To run the Differential Expression-Two Way ANOVA module, go to the Statistical Inference section of the workflow, and select Two-Way ANOVA. Alternatively, the same module can be selected by going to the OmicData Menu | Inference | Standard Tests | Two-way ANOVA.

This opens the Two-way Analysis of Variance window:

As with other analysis windows, the user must first set the Project and Data on which to run the analysis, in the Input/Output section.

• Make sure TutorialMicroArray is chosen as the project and MicroArrayData is chosen as the input data.

• For Variables , ensure that All Variables is selected.

• For Observations, choose Customized observations , then click the Select button to choose the list MicroArrayData.Observation23. This ensures that the statistical tests are only run on the 23 observations that passed the PCA quality control.

Array Studio will attempt to automatically populate the Factor 1 and Factor 2 dropdown boxes, using the first two Factor type columns in the design table. For this tutorial, this should correctly populate Factor 1 as time and Factor 2 as treatment.
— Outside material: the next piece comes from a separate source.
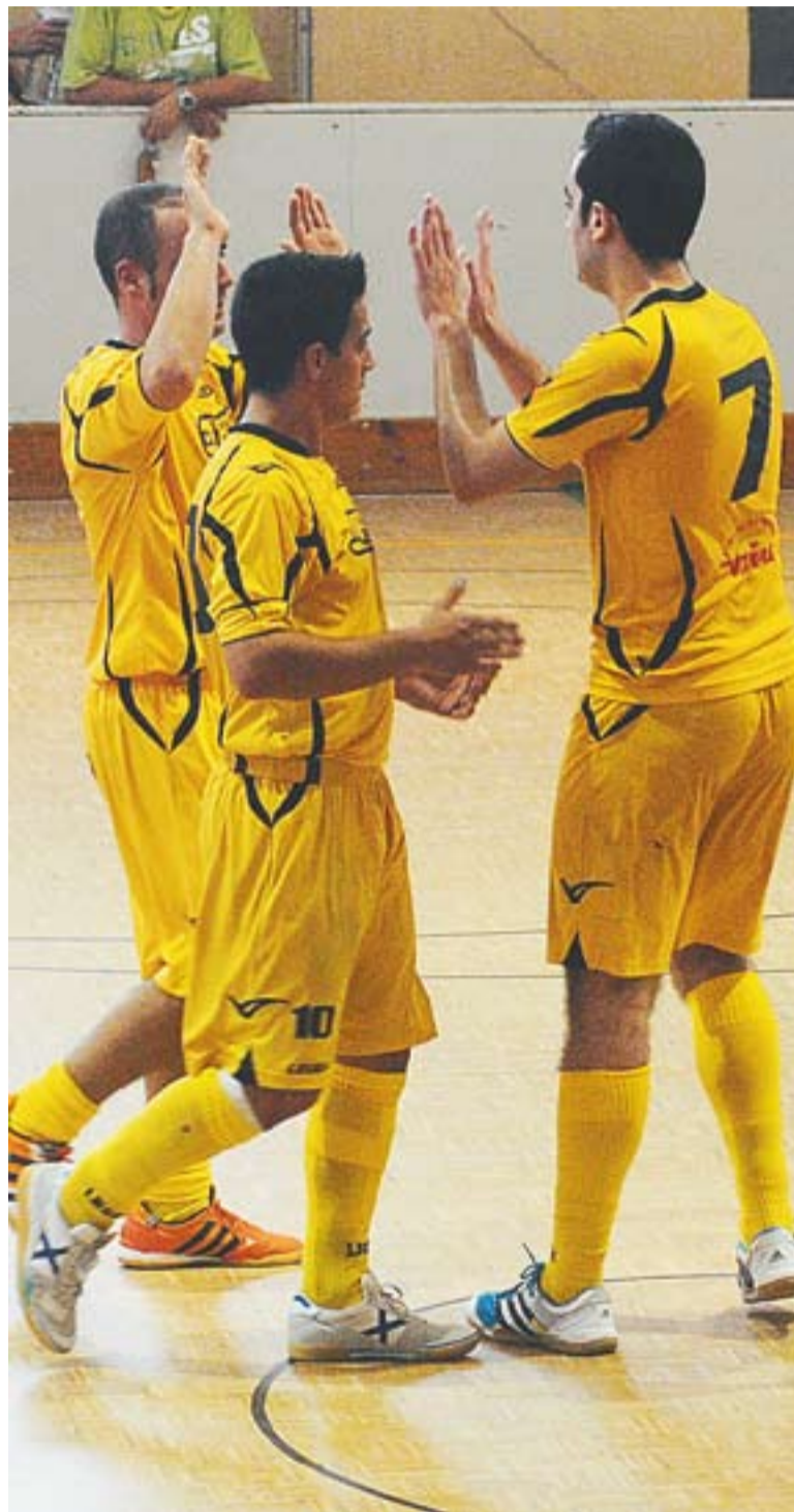
Els jugadors de l'Athlètic 04 celebren un gol al Joaquim Blume.

Malgrat que serà difícil l'ascens, el bon moment de l'Athlètic 04 fa pensar en una bona temporada. Només puja un equip a Territorial, però tots els conjunts hauran d'estar atents a la reestructuració de Nacional A, que podria beneficiar els ascensos de les categories inferiors. +

• For generating the comparisons, the For each box is used. The factor chosen for Factor 1 will automatically be populated into the For each box, and cannot be changed, unless the user changes the Factor 1 column.
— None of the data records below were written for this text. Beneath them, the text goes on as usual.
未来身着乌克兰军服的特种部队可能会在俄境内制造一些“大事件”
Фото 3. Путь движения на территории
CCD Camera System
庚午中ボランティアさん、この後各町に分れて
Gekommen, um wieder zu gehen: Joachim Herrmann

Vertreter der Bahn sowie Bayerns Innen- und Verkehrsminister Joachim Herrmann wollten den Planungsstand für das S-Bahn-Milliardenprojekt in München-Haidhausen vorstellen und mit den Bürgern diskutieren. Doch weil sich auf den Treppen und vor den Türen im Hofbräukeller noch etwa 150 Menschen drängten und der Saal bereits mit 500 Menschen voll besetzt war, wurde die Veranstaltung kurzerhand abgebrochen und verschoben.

• To figure out what comparisons will be generated, read the For each, Compare to boxes together. So, For each: time¸ Compare to: control will generate a contrast comparing DBP to control at each time point.

• Ensure that the Compare to dropdown box is set to control.

• The option to Include interaction term should be enabled, however if users wish to run a two-way ANOVA without the interaction, this is available here as well.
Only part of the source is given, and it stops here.